Spontaneous imbibition plays a very important role in the displacement mechanism of non-wetting fluid in naturally fractured reservoirs. We developed a new 2D two-phase finite element numerical model, as available commercial simulators cannot be used to model small-scale experiments with different and complex boundary conditions. For the non-linear diffusion saturation equation we cannot apply Rayleigh-Ritz Finite Element Method (FEM). Traditionally, the way around it is to use Galerkin FEM or Mixed FEM formulation, iterative nature of those, makes them unsuitable for solving large-scale field problems. But if we truncate the non-linear terms, decouple and solve analytically the dependent variables from saturation - the primary variable, this non-linear FEM problem reduces to a simple weighted integral weak form, which can be solved with Rayleigh-Ritz method.
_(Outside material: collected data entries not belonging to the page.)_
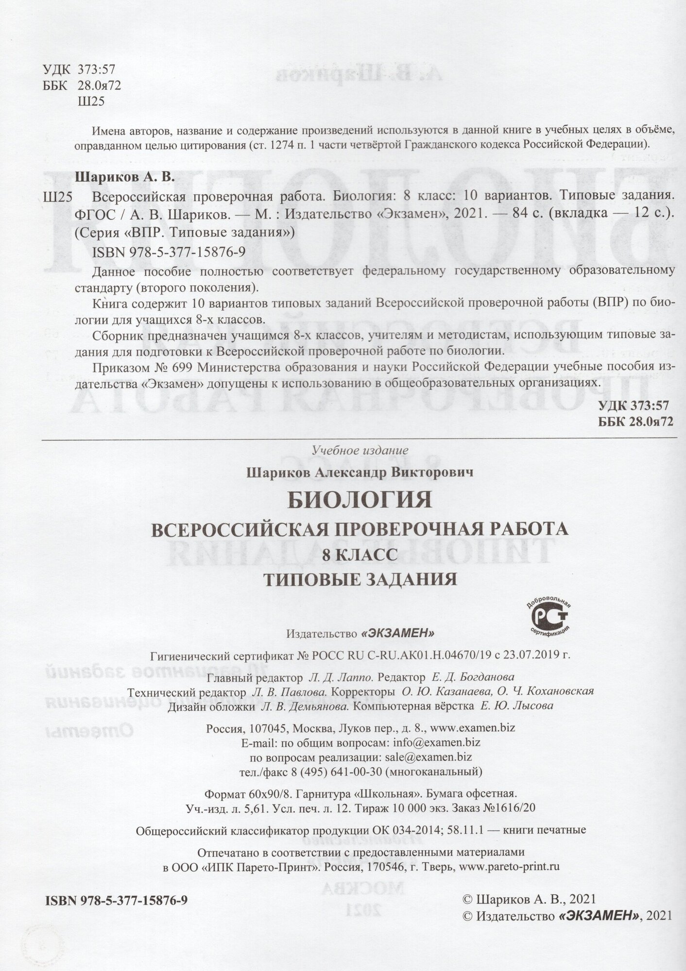 ВПР ЦПМ. Биология. 8 класс. Типовые задания. 10 вариантов. (Шариков Александр Викторович); Экзамен, 2021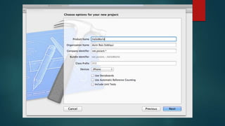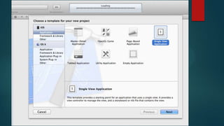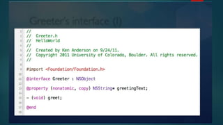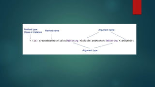 Objective-C is an object-oriented programming language that is a superset of C. It was developed in the 1980s on top of C to provide object-oriented capabilities. Objective-C uses classes and messages to define methods and invoke behaviors on objects. Developers create classes with properties and methods to define behaviors and attributes for objects. Memory is managed through retain counts, and objects communicate by sending messages to each other to invoke methods.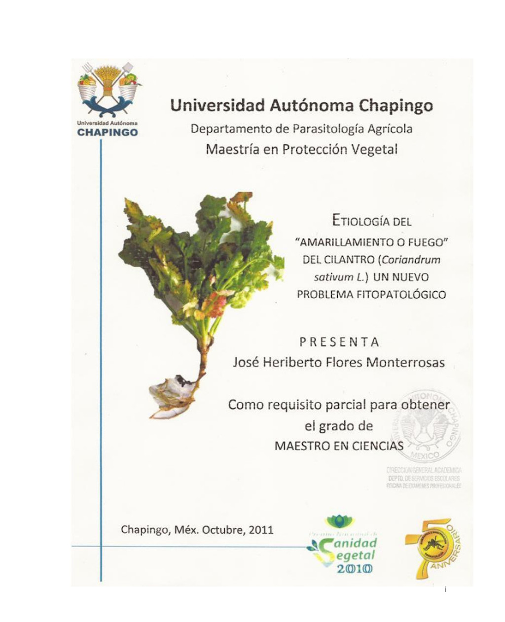 El cilantro (Coriandrum sativum L.) es una especie importante por su uso alimenticio e industrial. En México el estado de Puebla es el principal productor, donde recientemente se observó la incidencia del síndrome conocido como “Amarillamiento o fuego del cilantro”, su origen aún desconocido y las numerosas pérdidas ocasionadas, lo convirtieron en un serio problema. Por lo anterior este trabajo tuvo como objetivos determinar la etiología de la enfermedad y su comportamiento en relación a 7 genotipos de cilantro; se realizaron ensayos con factores abióticos; se identificaron vectores asociados y se efectuaron pruebas de detección de bacterias, hongos y virus. Los resultados obtenidos, revelan que esta enfermedad es causada por el Turnip Yellow Virus (TuYV) y otros virus no identificados, que son transmitidos por Myzus persicae y Macrosiphum euphorbiae, y que asociados con tres especies de Fusarium, forman un complejo que incrementa la severidad del daño.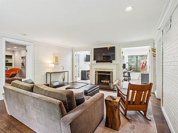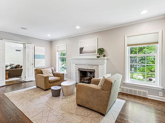 Classic whitewashed brick ranch located in the heart of Ladue, steps from the elementary, middle and high school. Main floor features beautiful hardwood flooring, abundant natural light and updated kitchen with mudroom. Kitchen opens seamlessly to the dining area flanked by the living room with built-in shelves & new gas fireplace. Adjacent large family room with bookcases & generous wood burning fireplace opens to the sunroom through glass French doors. The main floor primary bedroom suite features a luxurious bath with heated tile flooring, freestanding tub, double sinks, separate shower and walk-in closet, large second bedroom with ensuite bath, third bedroom perfect for a nursery or office, powder room & additional laundry closet. Finished lower level features second family/rec. room, full egress fourth bedroom, large full bath, a bonus room, laundry room & plenty of closets & storage. The backyard offers privacy with a deck and beautifully landscaped green space. Additional Rooms: Mud Room, Sun Room COOL: 14 SEER+

The advantage of this method is that it is non-iterative, which reduces computation time. We compared our numerical models with the analytical solution of this diffusion equation. We validated a Finite Difference Method (FDM) numerical model using X-Ray Tomography (CT) experimental data, and then went ahead and compared the results of FEM model to that of FDM model. A two-phase field size example, using discrete fracture approach, was developed and its results compared with a commercial simulator.

Introduction

The quest to produce more oil has led various researchers to evaluate more complex reservoirs such as naturally fractured ones. The complexity of fluid flow in these types of reservoirs arises from the fact that there are two media, which can allow fluids to flow through them. This leads to the logical conclusion that there are two principal media of fluid flow. The first is through the porous medium called the matrix flow and the other is the flow through the fracture network. At the heart of this phenomenon lies the problem of interaction of these two flow media with each other. In naturally fractured reservoirs the matrix acts as a source where hydrocarbons are present whereas the fractures facilitate in fast recovery of these hydrocarbons. Hence it is important to study what makes the matrix produce more oil. Water is used as a means to efficiently displace oil. But fluid flow in porous media, which is determined primarily by capillary force, is relatively difficult phenomenon to quantify, as per Craig1, and there has been much research effort directed in this direction like that of Handy2, Garg et al.3, Babadagli and Ershaghi4, Li and Horne5, Akin and Kovscek6, Reis and Cil7, Zhou et al.8, to name a few. Also, depending on the geometry of the fracture, there may or may not be any capillary force in the fracture network. This force is responsible for imparting the spontaneity to fluid flow within naturally fractured reservoirs. Given the complexity of quantifying the spread of fractures, it is even difficult to ascertain the limits where the fracture flow acts as an independent flow entity instead of being a part of porous matrix.

Although very wide in its scope, fluid flow studies in fractured media, as we have narrowed it down, deals exclusively with the study of this spontaneous phenomenon that helps displace oil out of matrix.